==== Dataset content ====

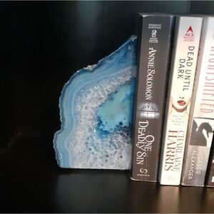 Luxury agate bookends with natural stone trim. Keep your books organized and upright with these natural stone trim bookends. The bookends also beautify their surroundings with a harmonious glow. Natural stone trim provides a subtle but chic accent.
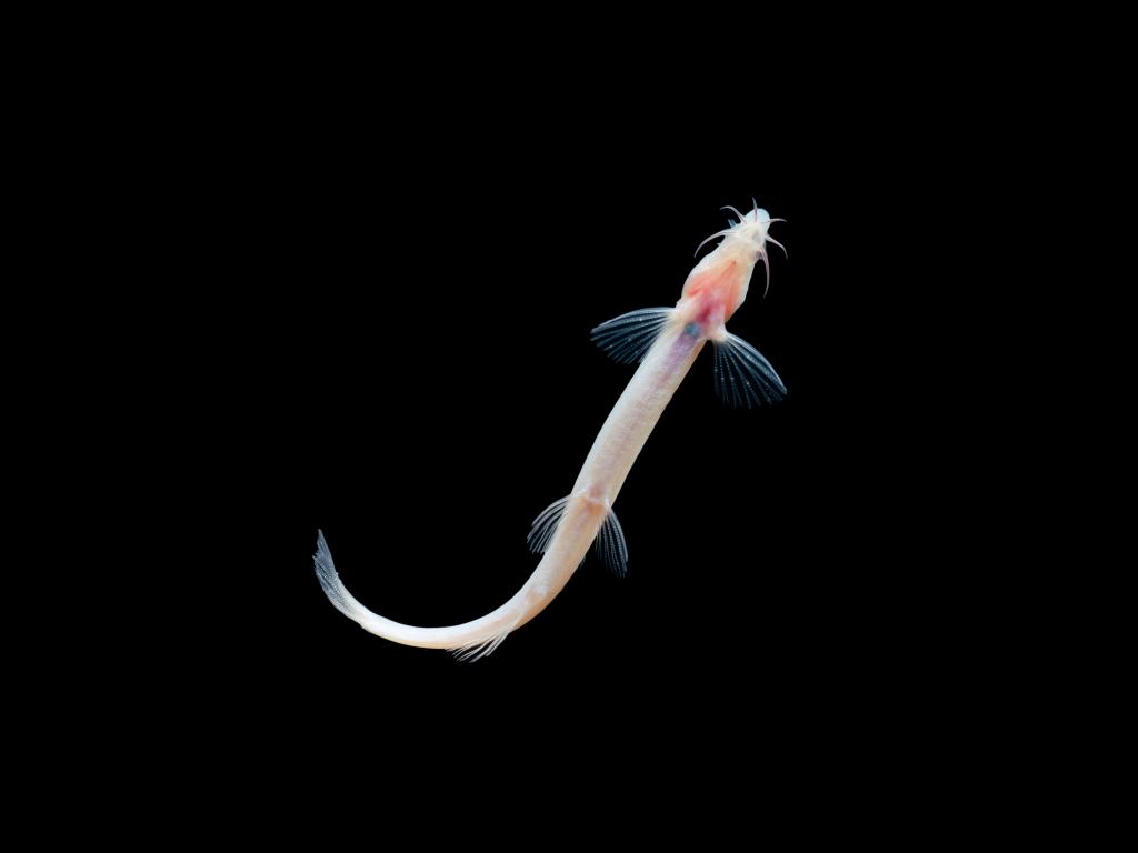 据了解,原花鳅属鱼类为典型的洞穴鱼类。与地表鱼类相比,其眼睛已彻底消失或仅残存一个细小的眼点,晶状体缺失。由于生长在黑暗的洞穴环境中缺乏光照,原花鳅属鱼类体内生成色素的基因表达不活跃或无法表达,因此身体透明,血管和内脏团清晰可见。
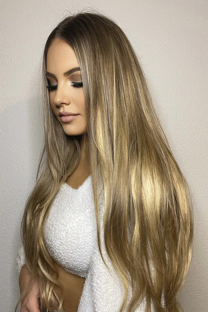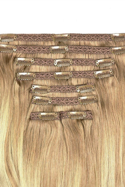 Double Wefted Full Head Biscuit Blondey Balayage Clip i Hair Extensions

====

#### Directions for this task:
Where a line contains "据了解,原花鳅属鱼类为典型的", begin there and set down exactly each line through the end of the data above, omitting any pictures.

#### Exercise answer:
 据了解,原花鳅属鱼类为典型的洞穴鱼类。与地表鱼类相比,其眼睛已彻底消失或仅残存一个细小的眼点,晶状体缺失。由于生长在黑暗的洞穴环境中缺乏光照,原花鳅属鱼类体内生成色素的基因表达不活跃或无法表达,因此身体透明,血管和内脏团清晰可见。
 Double Wefted Full Head Biscuit Blondey Balayage Clip i Hair Extensions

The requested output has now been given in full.